Michael McCandless commented on LUCENE-6825:


Thanks [~rjernst]!

bq. I see a number of debugging s.o.p, 

I'll nuke all of these once things seem to be working ... also, those 
{{bytesToInt}} in the reader/writer are temporary just for debugging the test 
case that's encoding ints into the byte[].

{quote}
Is this nocommit still relevant?

// nocommit can we get this back?
//state.docs.grow(count);
{quote}

Unfortunately, yes.  One source of efficiency for the 1D,2D,3D specialized BKDs 
now is they can "notify" the consumer of the incoming docIDs that a chunk is 
coming ... but I didn't expose any means to do this in the intersect API.  I 
could add it but held back for now since that dirties the read-time API.  
Though for the 1D case, this was a big speedup, because in that case I can give 
a pretty accurate estimate up front of how large the result set will be ... 
I'll mull, probably leave as a TODO for now.

bq. Can we avoid the bitflip in bytesToInt by using a long accumulator and 
casting to int?

Hmm I don't think that's the same thing?  We flip that big so that in binary 
space negative ints sort before positive ints?  But remember this is only a 
test issue at this point (for this issue) ... in future issues we will need 
clever "encode/decode foobar as byte[]" ...

bq.
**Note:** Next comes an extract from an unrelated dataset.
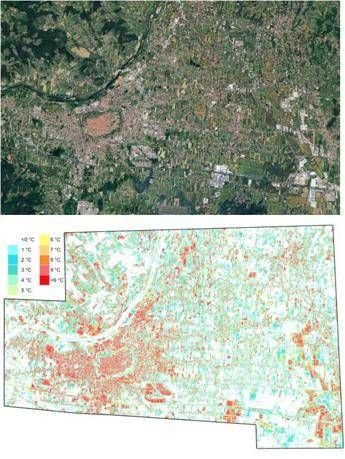 Mappa dell'intensità dell'isola di calore urbana calcolata come la differenza tra la temperatura di ogni punto e la temperatura media delle aree naturali, ricavata dall'immagine termica aerea ad alta risoluzione

Can we limit the num dims to 3 for now?

How about limit to 15?  I think 3 is a bit too low (and 255 is a way too 
high!), but there are maybe interesting things to do w/ more than 3 dims, e.g. 
index household income along with x, y, z points or something.  So this would 
still give us 4 free bits in case we want them later...

bq. In `BKDWriter.finish()`, can the try/catch around building be simplified?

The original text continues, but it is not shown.